Bagaimana mungkin tanpa alasan yang jelas ketua regu mau melanggar aturan untuk seorang pendatang baru?
Meski aneh, sebagian besar orang tidak percaya ketua regu akan memihak secara berlebihan kepada orang luar.
“Apakah yang kamu maksud itu pemuda yang terlihat sangat kuat itu?”
“Kuat tidak ada gunanya, aku lihat sendiri pagi-pagi cuma menggali beberapa lubang kecil, mana bisa dianggap kerja?”
“Lucu sekali, Nenek Zhu berebut ingin satu regu dengan pemuda Rong yang baru datang, tapi pemuda itu malah diajak ketua regu bicara, akhirnya seluruh ladang itu cuma Nenek Zhu yang mencabut rumput, sampai punggungnya sakit tak bisa tegak.”
Para ibu-ibu yang sedang bergosip tertawa terbahak-bahak.

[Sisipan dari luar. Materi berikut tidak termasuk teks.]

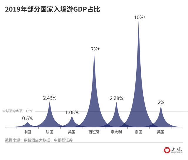 2019年我国的外国人入境游收入为771亿美元,仅占GDP的0.5%,而同期欧洲国家法国、西班牙、意大利等占比均超过2%;此外亚洲国家中,泰国表现尤为优异,占比超过10%;全球的平均水平约为1.5%,我国的入境游收入占比尚且低于全球平均水平,若能提升至全球中值,入境游市场有千亿美元的增量空间。

Mereka sudah lama bersama, siapa tidak kenal siapa?
Nenek Zhu memang suka bermalas-malasan, tidak ada yang mau satu regu dengannya, karena kalau satu ladang dua orang yang bertanggung jawab, jika Nenek Zhu malas, yang lain harus kerja lebih keras.
Bukan keluarga sendiri, kenapa harus menggantikan kerjanya?
Bukan tanpa keluhan, tapi Nenek Zhu memang orang yang tebal muka, meski dimarahi dan disalahkan, dia mengandalkan usianya yang sudah tua, selalu mengeluh sakit pinggang atau punggung, kerja pun lambat, siapa pun tak bisa berbuat apa-apa.
Sekarang, melihat Nenek Zhu dibuat malu, semua yang pernah dirugikan merasa senang.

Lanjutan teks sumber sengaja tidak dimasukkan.